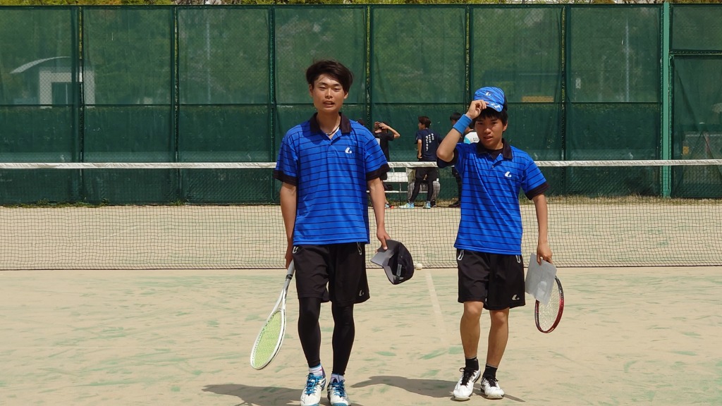 男子の二日目のベスト8に、中島・越智ペア(2年生)が勝ち残ることができました。
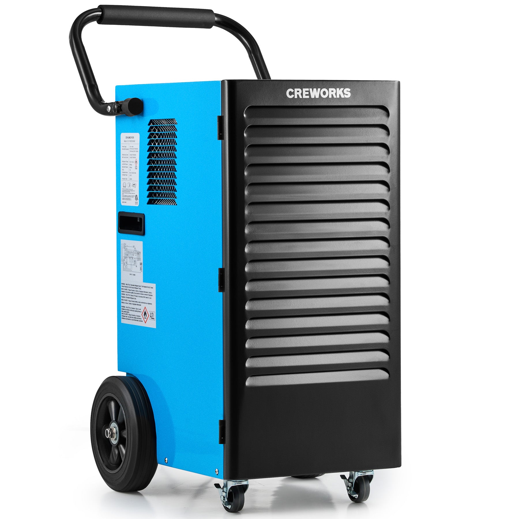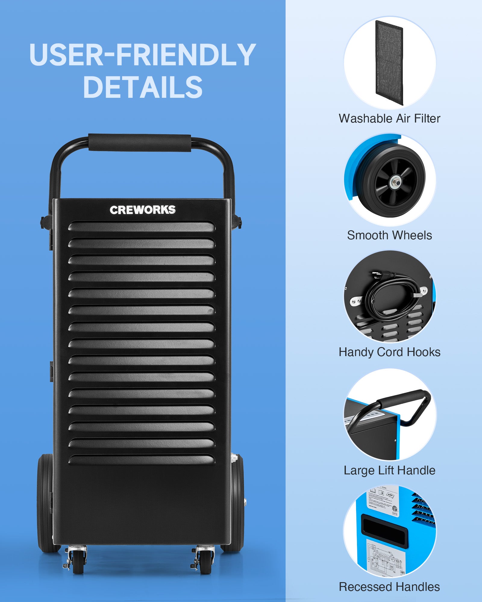 Effortlessly combat excess moisture and musty odors in large areas ranging from 600 to 1600 sq. ft. with this 180 ppd commercial dehumidifier by Creworks, ideal for factories, basements, garages, and more.
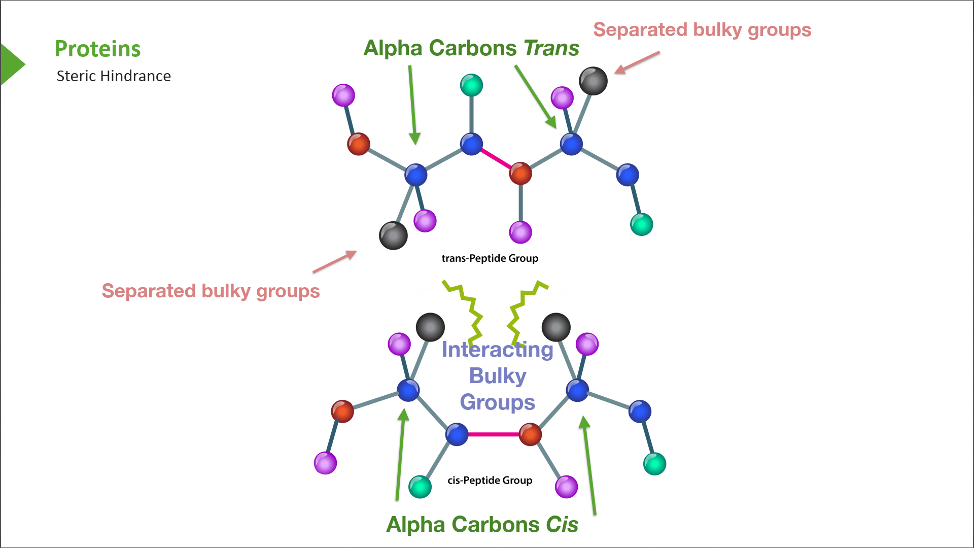 最后,我们还需要介绍一个角度,那就是ω。前面提到,虽然肽键具有双键的特点,难以旋转,但它在少数情况下还是可以旋转的。假设通常情况下,肽键的角度定义为ω=0°,如下图所示,红色的键即为肽键,这种结构的好处是它能让形成肽键的两个残基的侧链R(图中黑色基团)离得尽量的远,这样能保持比较稳定的结构。如果肽键旋转为ω=180°,变为下图的样子,则两个侧链R很靠近,就产生位阻效应,就不稳定,所以这种情况比较少见。但不管怎么说,肽键的扭转角ω也是一个变量因素。
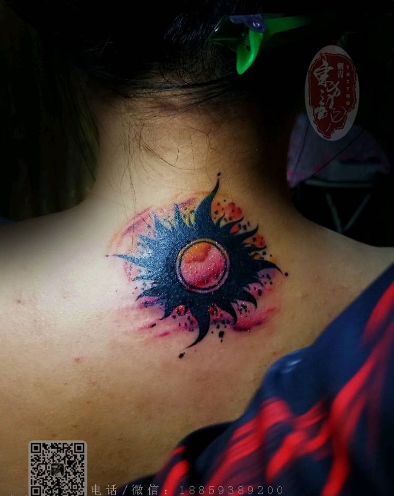 当前位置: 首页 >福建省宁德市纹身店-宁德市蕉城区蕉南东方龙刺青店纹身图案>太阳水彩纹身图片_颈部清新宁德福建东方龙纹成品纹身图案
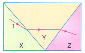 Tek renkli I ışık ışını ışığı kırma indisleri sırasıyla nx, ny, nz olan X, Y, Z saydam ortamlarında şekildeki yolu izliyor.
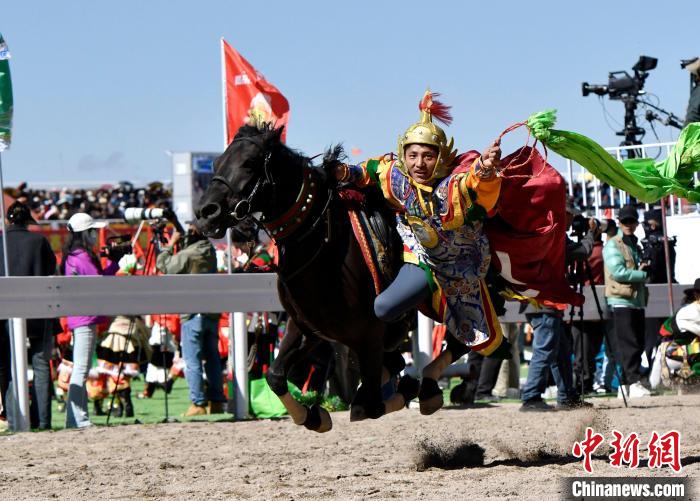8月10日,2024年那曲恰青賽馬節(jié)暨第三屆“鄉(xiāng)村振興 那曲奮進(jìn)”活動(dòng)開(kāi)幕式在那曲市賽馬場(chǎng)舉行,精彩的文藝歌舞、馬術(shù)表演等展示著羌塘草原上的無(wú)窮魅力和活力。圖為開(kāi)幕式上的馬術(shù)表演。中新社記者 李林 攝

+ + + +

* **Task brief**: All entries are to be retyped exactly. Omit any embedded images.

* **Response to the task**:
 男子の二日目のベスト8に、中島・越智ペア(2年生)が勝ち残ることができました。
 Effortlessly combat excess moisture and musty odors in large areas ranging from 600 to 1600 sq. ft. with this 180 ppd commercial dehumidifier by Creworks, ideal for factories, basements, garages, and more.
 最后,我们还需要介绍一个角度,那就是ω。前面提到,虽然肽键具有双键的特点,难以旋转,但它在少数情况下还是可以旋转的。假设通常情况下,肽键的角度定义为ω=0°,如下图所示,红色的键即为肽键,这种结构的好处是它能让形成肽键的两个残基的侧链R(图中黑色基团)离得尽量的远,这样能保持比较稳定的结构。如果肽键旋转为ω=180°,变为下图的样子,则两个侧链R很靠近,就产生位阻效应,就不稳定,所以这种情况比较少见。但不管怎么说,肽键的扭转角ω也是一个变量因素。
 当前位置: 首页 >福建省宁德市纹身店-宁德市蕉城区蕉南东方龙刺青店纹身图案>太阳水彩纹身图片_颈部清新宁德福建东方龙纹成品纹身图案
 Tek renkli I ışık ışını ışığı kırma indisleri sırasıyla nx, ny, nz olan X, Y, Z saydam ortamlarında şekildeki yolu izliyor.
8月10日,2024年那曲恰青賽馬節(jié)暨第三屆“鄉(xiāng)村振興 那曲奮進(jìn)”活動(dòng)開(kāi)幕式在那曲市賽馬場(chǎng)舉行,精彩的文藝歌舞、馬術(shù)表演等展示著羌塘草原上的無(wú)窮魅力和活力。圖為開(kāi)幕式上的馬術(shù)表演。中新社記者 李林 攝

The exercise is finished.